Notice that during storage operations, k1 and k2 were successfully mapped to their values using only the hash code.

请注意,在存储操作中,k1k2仅使用哈希代码就成功映射到了它们的值。

However, storage of k3 was not so simple, the system detected that its bucket location already contained a mapping for k2. Therefore, equals comparison was used to distinguish them and a linked list was created to contain both mappings.

然而,k3的存储并不那么简单,系统检测到其桶的位置已经包含了k2的映射。因此,equals比较被用来区分它们,并且创建了一个链接列表来包含这两个映射。

Any other subsequent mapping whose key hashes to the same bucket location will follow the same route and end up replacing one of the nodes in the linked list or be added to the head of the list if equals comparison returns false for all existing nodes.

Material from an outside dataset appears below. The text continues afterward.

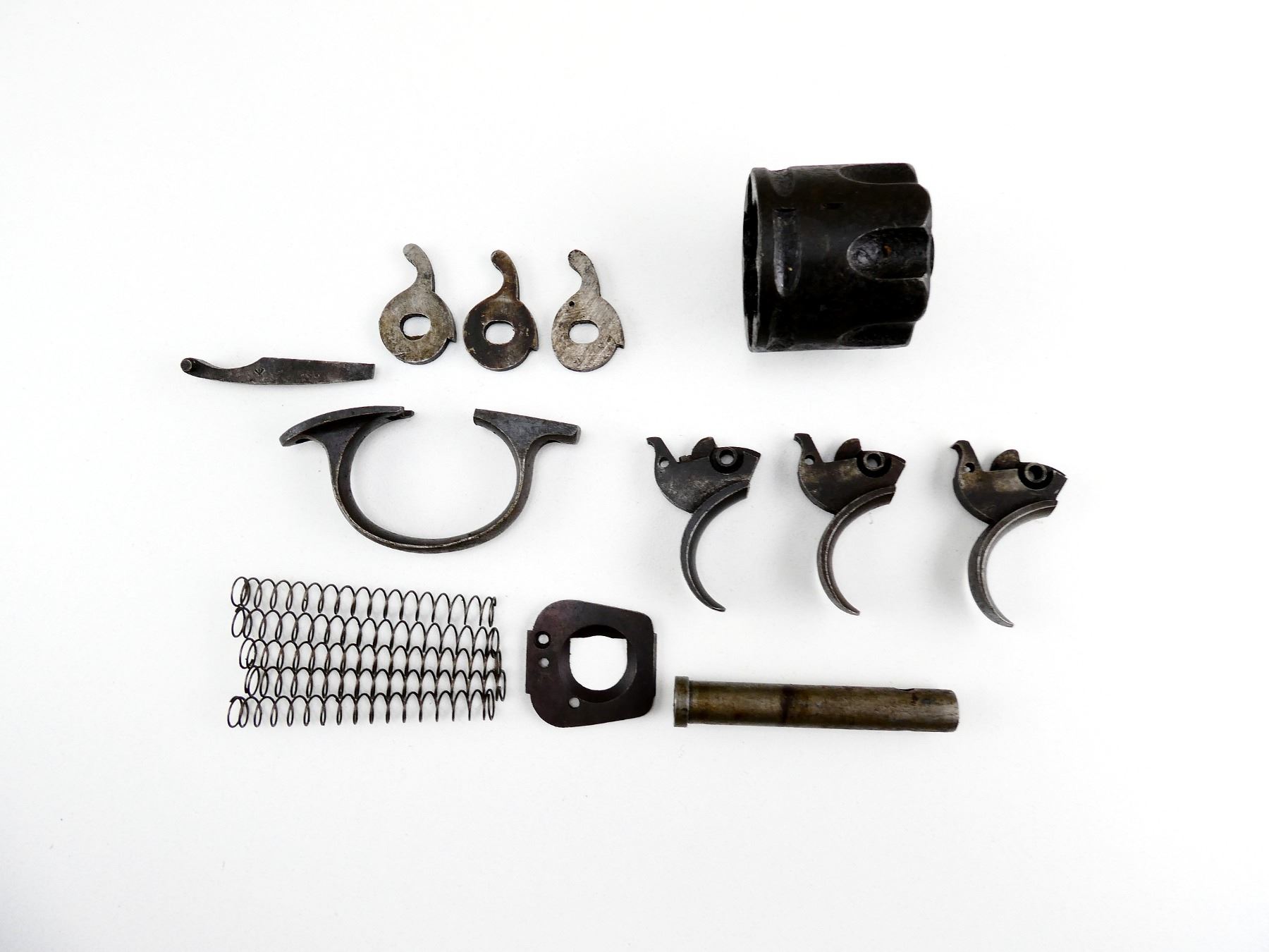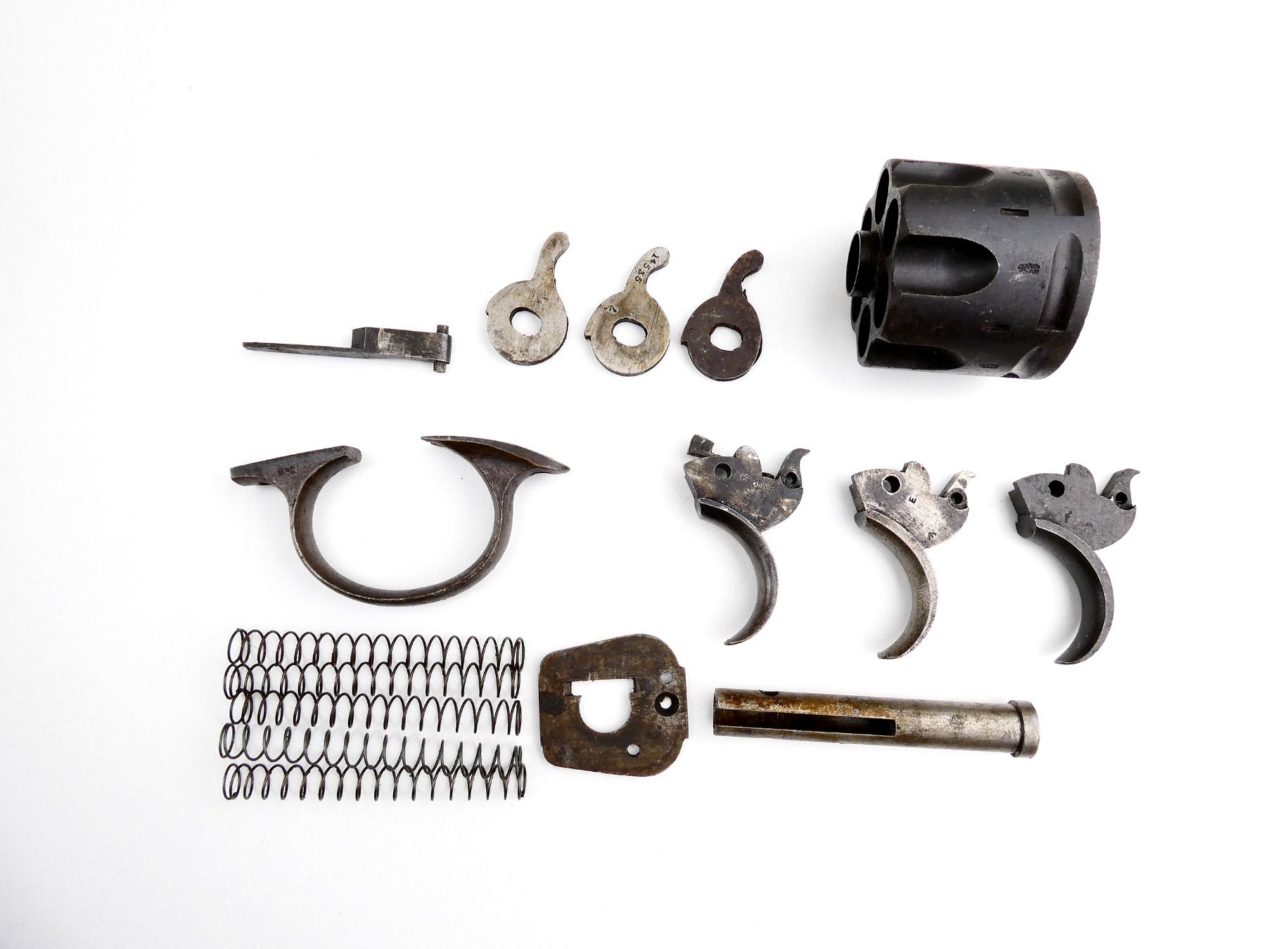 FITS .455 WEBLEY LARGE FRAME, LOT INCLUDES; CYLINDER, HAND, (3) TRIGGERS, TRIGGER GUARD, RECOIL PLATE, (3) EXTRACTOR LEVERS, (5) EXTRACTOR SPRINGS, CYLINDER AXIS PIN, ETC. MAY REQUIRE FITTING. SEE PHOTOS.

任何其他后续的映射,其键哈希到相同的桶的位置将遵循相同的路线,并最终取代链接列表中的一个节点,或者如果equals比较对所有现有节点返回错误,则被添加到列表的头部。

Likewise, during retrieval, k3 and k2 were equals-compared to identify the correct key whose value should be retrieved.

同样,在检索过程中,k3k2equals比较,以确定其值应被检索的正确键。

On a final note, from Java 8, the linked lists are dynamically replaced with balanced binary search trees in collision resolution after the number of collisions in a given bucket location exceed a certain threshold.

最后,从Java 8开始,在碰撞解决中,当某个桶的位置的碰撞数量超过一定的阈值后,链接列表会被动态地替换为平衡的二进制搜索树。

This change offers a performance boost, since, in the case of a collision, storage and retrieval happen in O(log n).

这一变化带来了性能上的提升,因为在发生碰撞的情况下,存储和检索只需O(log n)。

This section is very common in technical interviews, especially after the basic storage and retrieval questions.

这一部分在技术面试中非常常见,特别是在基本的存储和检索问题之后。

7. Conclusion

7.结论

In this article, we have explored HashMap implementation of Java Map interface.

在这篇文章中,我们探讨了Java Map接口的HashMap实现。

The full source code for all the examples used in this article can be found in the GitHub project.

本文中使用的所有示例的完整源代码可以在GitHub项目中找到。